═════ The records
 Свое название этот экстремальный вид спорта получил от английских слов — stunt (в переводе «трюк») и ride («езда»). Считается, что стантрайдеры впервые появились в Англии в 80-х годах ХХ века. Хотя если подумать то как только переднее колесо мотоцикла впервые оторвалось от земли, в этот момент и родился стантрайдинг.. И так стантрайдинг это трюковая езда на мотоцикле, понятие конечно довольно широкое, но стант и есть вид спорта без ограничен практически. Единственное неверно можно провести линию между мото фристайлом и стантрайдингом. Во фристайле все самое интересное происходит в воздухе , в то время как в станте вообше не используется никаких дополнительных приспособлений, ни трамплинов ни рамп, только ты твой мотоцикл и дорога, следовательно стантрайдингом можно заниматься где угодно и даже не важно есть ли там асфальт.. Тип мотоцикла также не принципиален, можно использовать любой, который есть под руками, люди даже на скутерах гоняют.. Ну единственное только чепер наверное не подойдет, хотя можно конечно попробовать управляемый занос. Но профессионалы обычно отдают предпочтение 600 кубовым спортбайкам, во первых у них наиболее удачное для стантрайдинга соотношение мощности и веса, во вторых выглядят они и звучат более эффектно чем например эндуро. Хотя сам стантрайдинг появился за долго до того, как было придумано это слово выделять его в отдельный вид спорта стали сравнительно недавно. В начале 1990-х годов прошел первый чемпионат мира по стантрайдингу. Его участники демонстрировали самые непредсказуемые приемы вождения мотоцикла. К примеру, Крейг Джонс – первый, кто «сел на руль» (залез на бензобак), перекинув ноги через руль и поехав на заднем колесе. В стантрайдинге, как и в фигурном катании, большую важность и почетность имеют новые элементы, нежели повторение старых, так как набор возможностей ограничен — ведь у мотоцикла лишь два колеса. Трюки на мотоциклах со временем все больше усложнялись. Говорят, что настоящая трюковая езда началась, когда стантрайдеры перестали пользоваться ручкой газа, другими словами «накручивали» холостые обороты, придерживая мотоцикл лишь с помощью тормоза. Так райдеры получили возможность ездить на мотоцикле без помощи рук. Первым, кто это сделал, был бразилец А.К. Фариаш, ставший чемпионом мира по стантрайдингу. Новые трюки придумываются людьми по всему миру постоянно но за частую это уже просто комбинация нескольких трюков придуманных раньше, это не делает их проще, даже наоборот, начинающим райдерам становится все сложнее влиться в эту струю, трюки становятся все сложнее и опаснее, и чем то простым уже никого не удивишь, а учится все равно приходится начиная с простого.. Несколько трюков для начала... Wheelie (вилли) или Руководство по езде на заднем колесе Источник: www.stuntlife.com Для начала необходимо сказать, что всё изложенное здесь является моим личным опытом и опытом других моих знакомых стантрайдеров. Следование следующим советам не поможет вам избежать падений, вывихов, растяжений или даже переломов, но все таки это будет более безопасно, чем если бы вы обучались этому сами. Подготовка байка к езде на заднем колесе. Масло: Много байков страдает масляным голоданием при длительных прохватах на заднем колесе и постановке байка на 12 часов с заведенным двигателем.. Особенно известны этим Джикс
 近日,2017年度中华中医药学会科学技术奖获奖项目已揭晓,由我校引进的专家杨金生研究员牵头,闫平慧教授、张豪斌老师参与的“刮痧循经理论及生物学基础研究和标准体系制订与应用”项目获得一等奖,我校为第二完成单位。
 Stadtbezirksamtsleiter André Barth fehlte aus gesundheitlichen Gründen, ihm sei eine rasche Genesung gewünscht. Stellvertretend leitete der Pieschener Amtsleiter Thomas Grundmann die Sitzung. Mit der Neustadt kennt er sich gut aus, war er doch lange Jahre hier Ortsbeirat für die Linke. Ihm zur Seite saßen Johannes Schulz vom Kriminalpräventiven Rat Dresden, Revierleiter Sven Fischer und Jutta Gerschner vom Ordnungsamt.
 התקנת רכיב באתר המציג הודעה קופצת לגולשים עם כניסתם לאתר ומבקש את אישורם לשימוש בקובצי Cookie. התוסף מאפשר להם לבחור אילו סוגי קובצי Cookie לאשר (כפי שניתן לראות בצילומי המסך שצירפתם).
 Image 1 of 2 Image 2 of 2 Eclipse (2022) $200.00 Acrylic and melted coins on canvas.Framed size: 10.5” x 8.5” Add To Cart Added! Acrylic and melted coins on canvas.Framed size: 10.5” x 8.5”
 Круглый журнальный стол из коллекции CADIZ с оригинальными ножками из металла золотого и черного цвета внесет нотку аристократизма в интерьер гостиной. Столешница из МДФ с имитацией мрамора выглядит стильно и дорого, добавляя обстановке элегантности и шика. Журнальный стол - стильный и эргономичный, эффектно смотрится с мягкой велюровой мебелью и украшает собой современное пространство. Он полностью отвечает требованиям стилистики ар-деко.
══════════
▶ **Task item**
Send back the whole listing, exactly as written.

▶ **Answer to this task**
 Свое название этот экстремальный вид спорта получил от английских слов — stunt (в переводе «трюк») и ride («езда»). Считается, что стантрайдеры впервые появились в Англии в 80-х годах ХХ века. Хотя если подумать то как только переднее колесо мотоцикла впервые оторвалось от земли, в этот момент и родился стантрайдинг.. И так стантрайдинг это трюковая езда на мотоцикле, понятие конечно довольно широкое, но стант и есть вид спорта без ограничен практически. Единственное неверно можно провести линию между мото фристайлом и стантрайдингом. Во фристайле все самое интересное происходит в воздухе , в то время как в станте вообше не используется никаких дополнительных приспособлений, ни трамплинов ни рамп, только ты твой мотоцикл и дорога, следовательно стантрайдингом можно заниматься где угодно и даже не важно есть ли там асфальт.. Тип мотоцикла также не принципиален, можно использовать любой, который есть под руками, люди даже на скутерах гоняют.. Ну единственное только чепер наверное не подойдет, хотя можно конечно попробовать управляемый занос. Но профессионалы обычно отдают предпочтение 600 кубовым спортбайкам, во первых у них наиболее удачное для стантрайдинга соотношение мощности и веса, во вторых выглядят они и звучат более эффектно чем например эндуро. Хотя сам стантрайдинг появился за долго до того, как было придумано это слово выделять его в отдельный вид спорта стали сравнительно недавно. В начале 1990-х годов прошел первый чемпионат мира по стантрайдингу. Его участники демонстрировали самые непредсказуемые приемы вождения мотоцикла. К примеру, Крейг Джонс – первый, кто «сел на руль» (залез на бензобак), перекинув ноги через руль и поехав на заднем колесе. В стантрайдинге, как и в фигурном катании, большую важность и почетность имеют новые элементы, нежели повторение старых, так как набор возможностей ограничен — ведь у мотоцикла лишь два колеса. Трюки на мотоциклах со временем все больше усложнялись. Говорят, что настоящая трюковая езда началась, когда стантрайдеры перестали пользоваться ручкой газа, другими словами «накручивали» холостые обороты, придерживая мотоцикл лишь с помощью тормоза. Так райдеры получили возможность ездить на мотоцикле без помощи рук. Первым, кто это сделал, был бразилец А.К. Фариаш, ставший чемпионом мира по стантрайдингу. Новые трюки придумываются людьми по всему миру постоянно но за частую это уже просто комбинация нескольких трюков придуманных раньше, это не делает их проще, даже наоборот, начинающим райдерам становится все сложнее влиться в эту струю, трюки становятся все сложнее и опаснее, и чем то простым уже никого не удивишь, а учится все равно приходится начиная с простого.. Несколько трюков для начала... Wheelie (вилли) или Руководство по езде на заднем колесе Источник: www.stuntlife.com Для начала необходимо сказать, что всё изложенное здесь является моим личным опытом и опытом других моих знакомых стантрайдеров. Следование следующим советам не поможет вам избежать падений, вывихов, растяжений или даже переломов, но все таки это будет более безопасно, чем если бы вы обучались этому сами. Подготовка байка к езде на заднем колесе. Масло: Много байков страдает масляным голоданием при длительных прохватах на заднем колесе и постановке байка на 12 часов с заведенным двигателем.. Особенно известны этим Джикс
 近日,2017年度中华中医药学会科学技术奖获奖项目已揭晓,由我校引进的专家杨金生研究员牵头,闫平慧教授、张豪斌老师参与的“刮痧循经理论及生物学基础研究和标准体系制订与应用”项目获得一等奖,我校为第二完成单位。
 Stadtbezirksamtsleiter André Barth fehlte aus gesundheitlichen Gründen, ihm sei eine rasche Genesung gewünscht. Stellvertretend leitete der Pieschener Amtsleiter Thomas Grundmann die Sitzung. Mit der Neustadt kennt er sich gut aus, war er doch lange Jahre hier Ortsbeirat für die Linke. Ihm zur Seite saßen Johannes Schulz vom Kriminalpräventiven Rat Dresden, Revierleiter Sven Fischer und Jutta Gerschner vom Ordnungsamt.
 התקנת רכיב באתר המציג הודעה קופצת לגולשים עם כניסתם לאתר ומבקש את אישורם לשימוש בקובצי Cookie. התוסף מאפשר להם לבחור אילו סוגי קובצי Cookie לאשר (כפי שניתן לראות בצילומי המסך שצירפתם).
 Image 1 of 2 Image 2 of 2 Eclipse (2022) $200.00 Acrylic and melted coins on canvas.Framed size: 10.5” x 8.5” Add To Cart Added! Acrylic and melted coins on canvas.Framed size: 10.5” x 8.5”
 Круглый журнальный стол из коллекции CADIZ с оригинальными ножками из металла золотого и черного цвета внесет нотку аристократизма в интерьер гостиной. Столешница из МДФ с имитацией мрамора выглядит стильно и дорого, добавляя обстановке элегантности и шика. Журнальный стол - стильный и эргономичный, эффектно смотрится с мягкой велюровой мебелью и украшает собой современное пространство. Он полностью отвечает требованиям стилистики ар-деко.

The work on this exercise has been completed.